On homesickness
The other day, I felt my first deep pang of homesickness. (It's been a year, it was bound to happen.) Perhaps it was the experience of watching a cricket match (after many years away from the game in what I can only call a self-imposed ban caused by the intense yo-yoing of emotions) I felt the absence of routine, of ordering a kebab roll from Hot n Spicy at the end of the day, of slouching in front of the television. Later that evening, I went out -- I do a lot of *social* activities these days, all to get out of my space and meet people and maybe make friends -- but I left a couple of hours later, feeling exhausted. I wandered around the lit up streets, too early for the tram, too late for the train. Suddenly it felt like too much. My Dutch is not great yet, and people sometimes strain to understand what I am saying. In my head, though, I speak beautifully accented Dutch, but it never matches to the words that come out of my mouth. I am constantly putting myself out there, going to events, pushing myself forward, speaking up, telling the same anecdotes that have become my go-to anecdotes here, validated by the laughs that they elicit from the audience each time. I felt so tired -- tired of trying, all the time, of always pushing myself, and of constantly feeling like I am not good enough, not good enough at anything -- being myself, speaking Dutch, feeling understood.
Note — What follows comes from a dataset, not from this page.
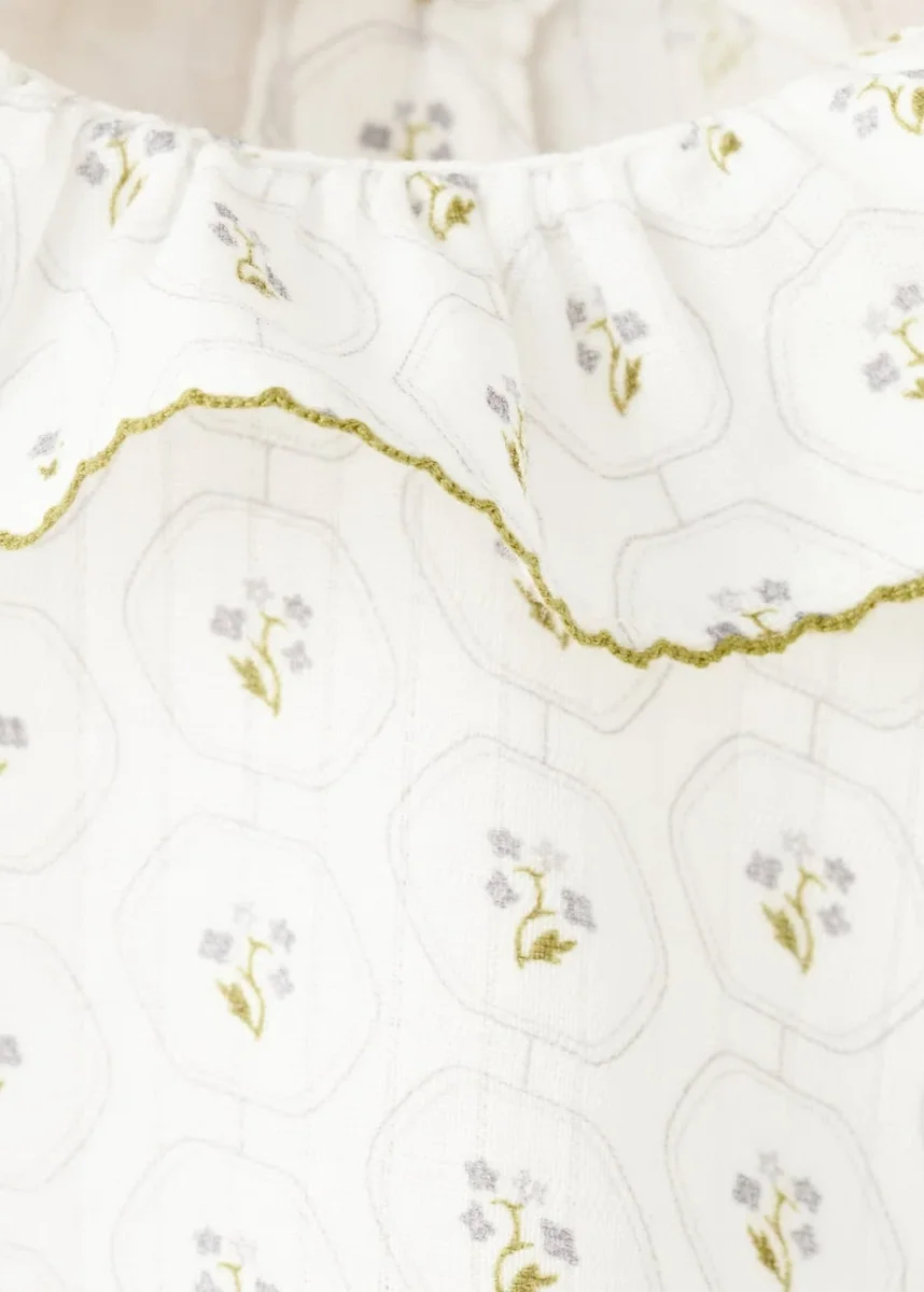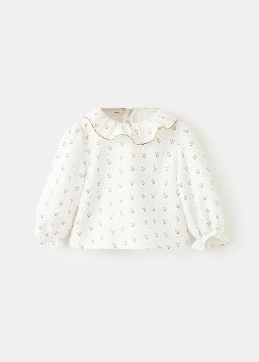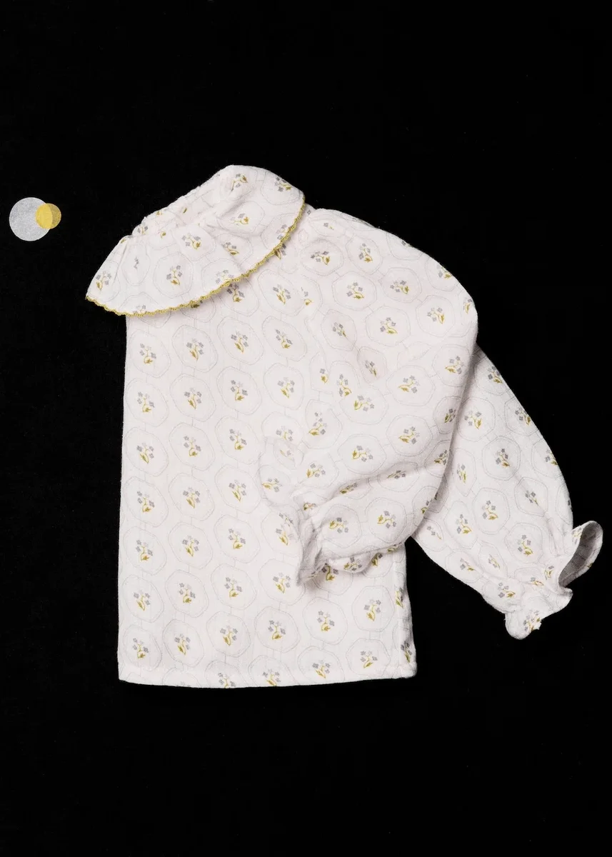 100% bavlna. Potisk. Květinový potisk. Límec Peter Pan. Kulatý výstřih. Dlouhé rukávy s žebrovanými lemy. Zapínání na knoflíky. Vánoční kolekce.

For a moment, perhaps, the thing I was homesick for was the feeling of walking into a room and not having to to *try* so much, of not taking a deep anticipatory breath before I walk in somewhere new, and never quite feeling like I can exhale. I am not being ungrateful -- in some ways, this loss of identity and of anonymity is exactly what I wanted, even need. But I missed, at least that evening, of not having to constantly feel like I am failing upwards, all the time. I thought about texting a friend, but what could I say? My life feels sad, right now, in this moment? But everyone else’s, right now, is so much worse, and I have to have some perspective.
I came home, and tried to recreate a comfort meal using readymade daal and rice. It was delicious, but I still felt weighed down.
It passed. By the next day, I didn't feel like walking aimlessly down unfamiliar streets. I even made it to another event this week, telling my stories, yet again.